Repeat the lines of the data exactly and exclude any picture among them.

╭─ Dataset records

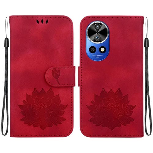 - 1x Funda de Cuero Huawei Nova 12 Pro y Nova 12 Ultra con Relieve de Loto (Rojo)
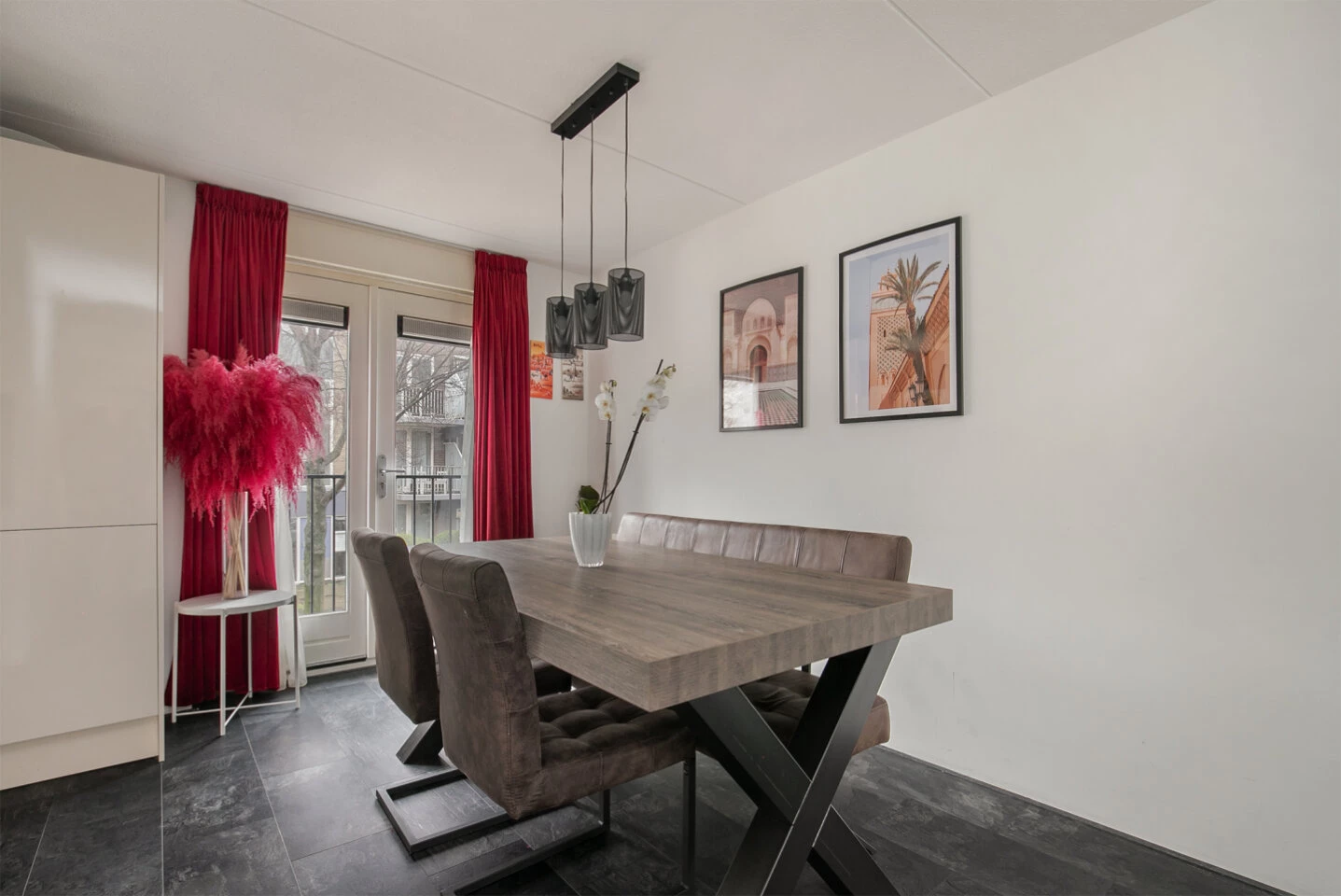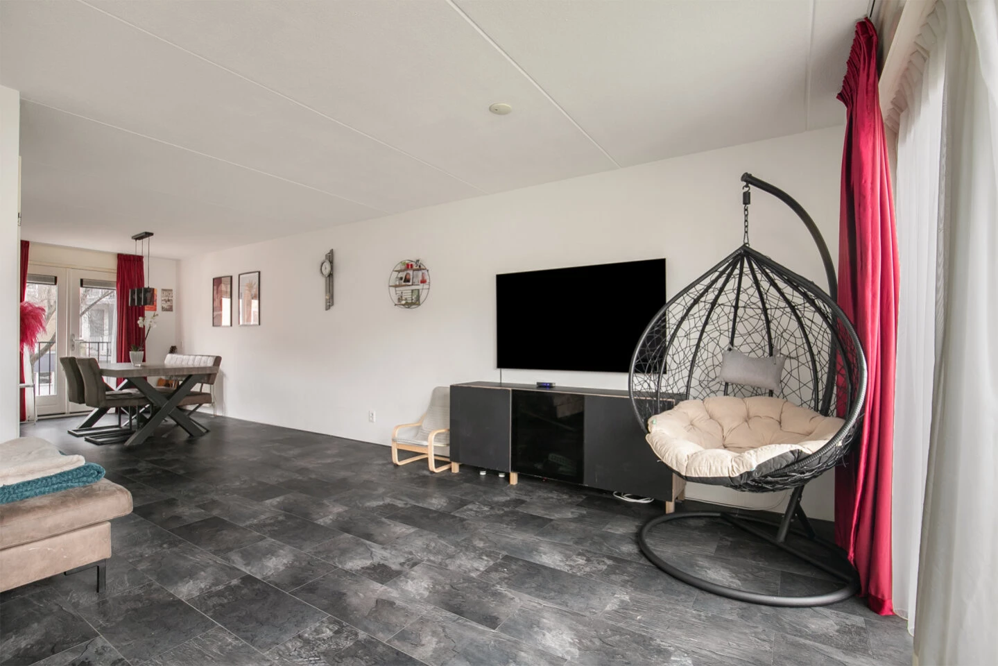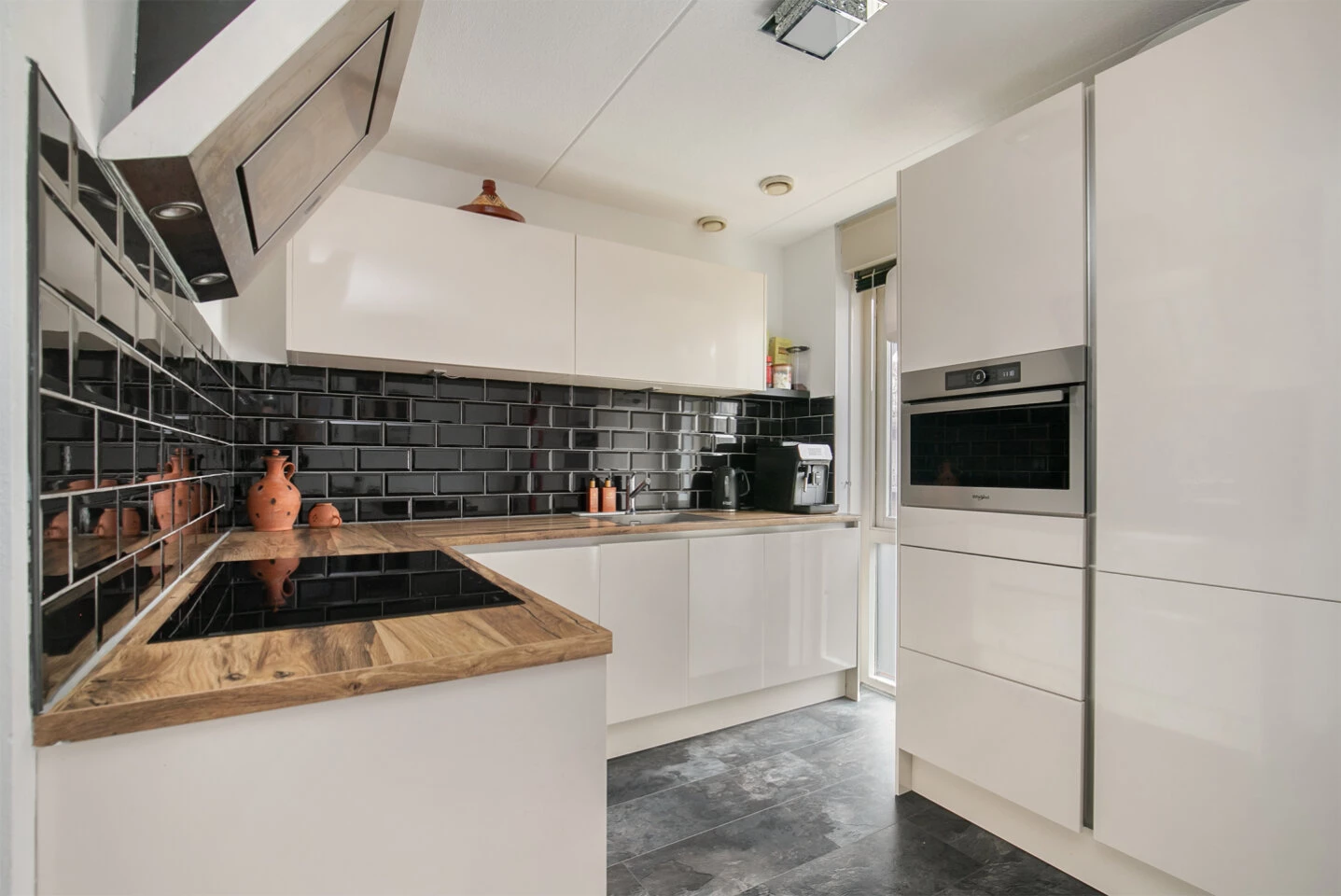 Op de eerste verdieping is de woonkamer gelegen, via de openslaande deuren kom je op het ruime zonneterras uit welke op het zuiden gelegen is en waar je tot de late uurtje kan vertoeven. De moderne keuken uit 2019 in lichte kleurstelling en licht houten werkblad is voorzien van greeploze deurpanelen, inductie kookplaat, afzuigkap, koelkast en vriezer en combi magnetron. De keuken beschikt over veel kastruimte. De gehele verdieping is voorzien van een moderne tegellook laminaatvloer.
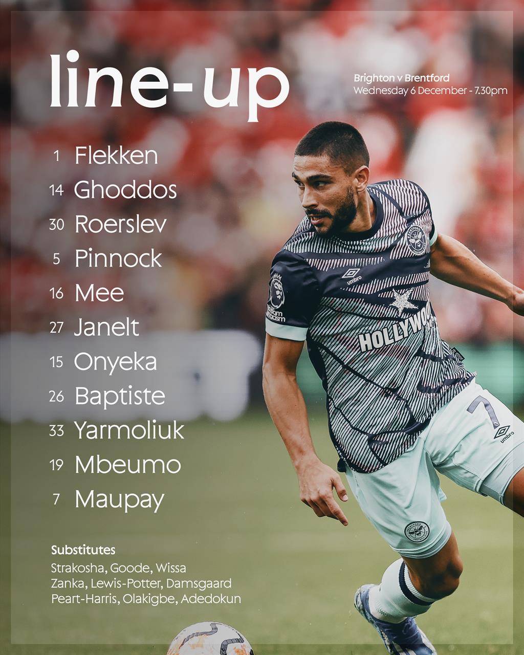 Крім того, втретє поспіль з перших хвилин за Брентфорд зіграє український центральний півзахисник Єгор Ярмолюк.
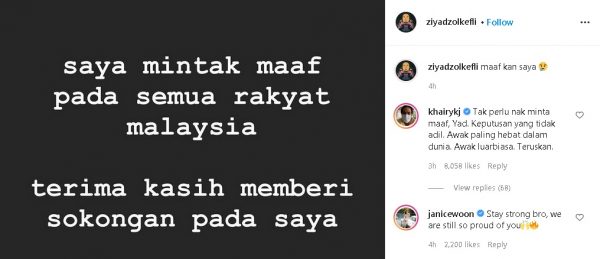 吉雅今早透过个人IG限时动态写道:我要向全马来西亚人民道歉,感谢你们给我的支持。
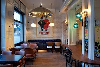 El café, también lugar de copeteo, está ambientado en una librería y nos ofrece otro concepto diferente para una misma marca. Teniendo como lazo de unión el blanco y la madera.
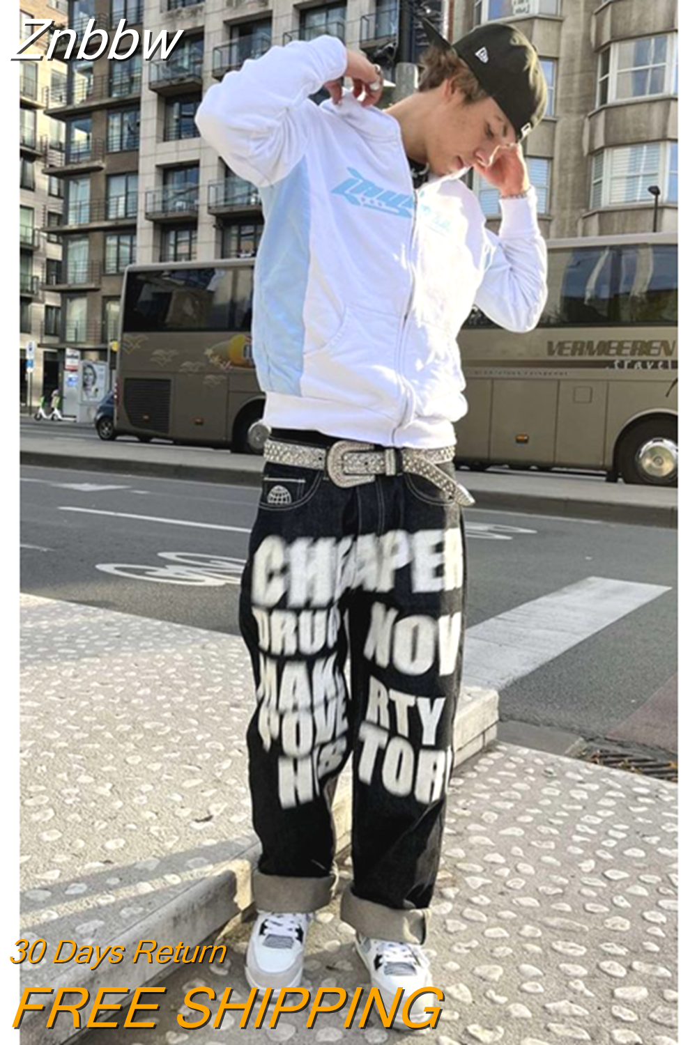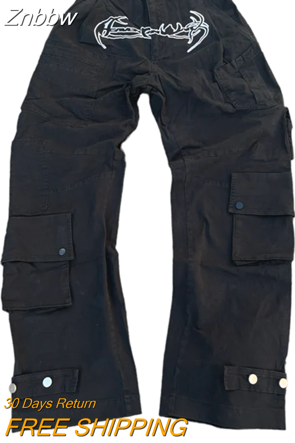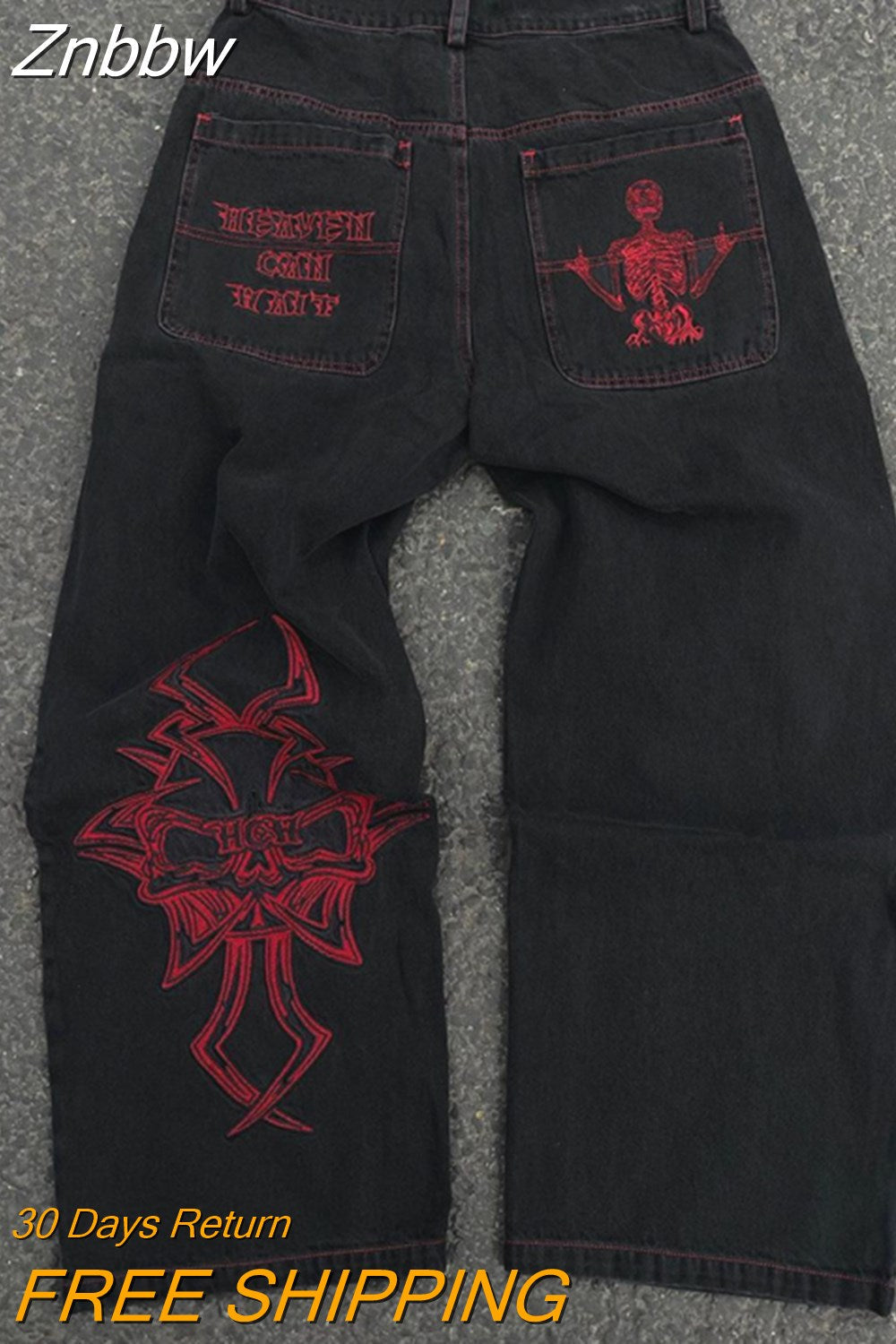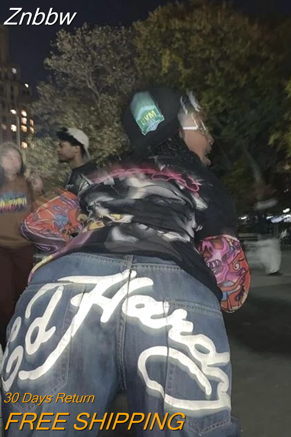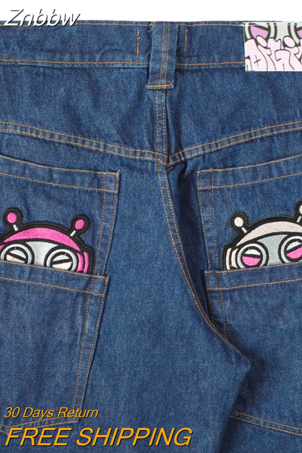 Znbbw Jeans Women Oversized Hip Hop Harajuku Vintage Blue Cargo Streetwear Wide Leg Trousers Y2K Grunge Blue Baggy Denim Pants
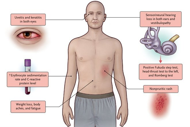 Hastalık genellikle genç erişkinlerde ortaya çıkar. Her iki cinste eşit sıklıkta görülür. Etiyolojide Borrelia ve Klamidya enfeksiyonlarının rol oynadığı düşünülmektedir fakat kesin olarak kanıtlanamamıştır. Hastalığa sistemik vaskülit eşlik edebilir ve özellikle de aort tutulumu sık görülür. Erken dönemde verilen steroid tedavisi göz bulgularını ve işitme kaybını önemli ölçüde azalttığından erken tanı ve tedavi oldukça önemlidir
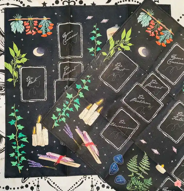 Este tapete místico te acompaña a interpretar el pasado, presente y futuro, integrando también las energías del inconsciente, las influencias externas y los deseos del corazón. Ideal para quienes leen el tarot, el oráculo o las runas, su diseño está lleno de símbolos naturales, velas, cristales y elementos de protección que invitan a conectar con la intuición y abrir portales de claridad. El tapete tiene la guía de posiciones (pasado, presente, futuro, problema, inconsciente, consciente, esperanzas, influencias y resultado). Material: tela resistente, perfecta para altar o lectura ritual. Tamaño: 50cm x 50cm Uso: lecturas personales, sesiones mágicas o decoración energética para tu altar.
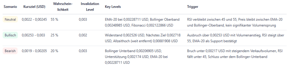 Ein nachhaltiger Ausbruch über 0,00253 USD bei erhöhtem Volumen aktiviert das bullishe Szenario, ein Schluss unter 0,00217 USD würde das bärische Szenario wahrscheinlicher machen. Du solltest Positionen kurzfristig mit engen Stopps am EMA‑20 und den genannten Support‑Levels managen.

╰─

**Answer section**.
 - 1x Funda de Cuero Huawei Nova 12 Pro y Nova 12 Ultra con Relieve de Loto (Rojo)
 Op de eerste verdieping is de woonkamer gelegen, via de openslaande deuren kom je op het ruime zonneterras uit welke op het zuiden gelegen is en waar je tot de late uurtje kan vertoeven. De moderne keuken uit 2019 in lichte kleurstelling en licht houten werkblad is voorzien van greeploze deurpanelen, inductie kookplaat, afzuigkap, koelkast en vriezer en combi magnetron. De keuken beschikt over veel kastruimte. De gehele verdieping is voorzien van een moderne tegellook laminaatvloer.
 Крім того, втретє поспіль з перших хвилин за Брентфорд зіграє український центральний півзахисник Єгор Ярмолюк.
 吉雅今早透过个人IG限时动态写道:我要向全马来西亚人民道歉,感谢你们给我的支持。
 El café, también lugar de copeteo, está ambientado en una librería y nos ofrece otro concepto diferente para una misma marca. Teniendo como lazo de unión el blanco y la madera.
 Znbbw Jeans Women Oversized Hip Hop Harajuku Vintage Blue Cargo Streetwear Wide Leg Trousers Y2K Grunge Blue Baggy Denim Pants
 Hastalık genellikle genç erişkinlerde ortaya çıkar. Her iki cinste eşit sıklıkta görülür. Etiyolojide Borrelia ve Klamidya enfeksiyonlarının rol oynadığı düşünülmektedir fakat kesin olarak kanıtlanamamıştır. Hastalığa sistemik vaskülit eşlik edebilir ve özellikle de aort tutulumu sık görülür. Erken dönemde verilen steroid tedavisi göz bulgularını ve işitme kaybını önemli ölçüde azalttığından erken tanı ve tedavi oldukça önemlidir
 Este tapete místico te acompaña a interpretar el pasado, presente y futuro, integrando también las energías del inconsciente, las influencias externas y los deseos del corazón. Ideal para quienes leen el tarot, el oráculo o las runas, su diseño está lleno de símbolos naturales, velas, cristales y elementos de protección que invitan a conectar con la intuición y abrir portales de claridad. El tapete tiene la guía de posiciones (pasado, presente, futuro, problema, inconsciente, consciente, esperanzas, influencias y resultado). Material: tela resistente, perfecta para altar o lectura ritual. Tamaño: 50cm x 50cm Uso: lecturas personales, sesiones mágicas o decoración energética para tu altar.
 Ein nachhaltiger Ausbruch über 0,00253 USD bei erhöhtem Volumen aktiviert das bullishe Szenario, ein Schluss unter 0,00217 USD würde das bärische Szenario wahrscheinlicher machen. Du solltest Positionen kurzfristig mit engen Stopps am EMA‑20 und den genannten Support‑Levels managen.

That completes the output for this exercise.